__The problem__
In the entries below, find the line with "you ! NASDAQ: TNXP" and the line with "イタリアンホワイトアッシュ無". Reproduce those two lines and every line between them exactly, and nothing more.

__Data__
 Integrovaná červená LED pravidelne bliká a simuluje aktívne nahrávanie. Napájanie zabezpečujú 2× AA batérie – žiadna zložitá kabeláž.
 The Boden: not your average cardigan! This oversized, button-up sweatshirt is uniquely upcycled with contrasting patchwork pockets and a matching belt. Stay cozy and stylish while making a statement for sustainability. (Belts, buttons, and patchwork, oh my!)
* * *
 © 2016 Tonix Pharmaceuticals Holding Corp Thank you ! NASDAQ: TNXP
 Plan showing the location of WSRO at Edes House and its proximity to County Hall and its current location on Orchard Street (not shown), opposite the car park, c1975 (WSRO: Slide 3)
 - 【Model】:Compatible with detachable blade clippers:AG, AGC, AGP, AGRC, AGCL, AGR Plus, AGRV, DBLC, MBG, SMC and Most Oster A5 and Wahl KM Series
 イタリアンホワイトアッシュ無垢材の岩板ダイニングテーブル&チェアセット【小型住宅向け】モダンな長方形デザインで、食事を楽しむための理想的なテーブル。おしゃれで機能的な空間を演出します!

__Exercise result__
 © 2016 Tonix Pharmaceuticals Holding Corp Thank you ! NASDAQ: TNXP
 Plan showing the location of WSRO at Edes House and its proximity to County Hall and its current location on Orchard Street (not shown), opposite the car park, c1975 (WSRO: Slide 3)
 - 【Model】:Compatible with detachable blade clippers:AG, AGC, AGP, AGRC, AGCL, AGR Plus, AGRV, DBLC, MBG, SMC and Most Oster A5 and Wahl KM Series
 イタリアンホワイトアッシュ無垢材の岩板ダイニングテーブル&チェアセット【小型住宅向け】モダンな長方形デザインで、食事を楽しむための理想的なテーブル。おしゃれで機能的な空間を演出します!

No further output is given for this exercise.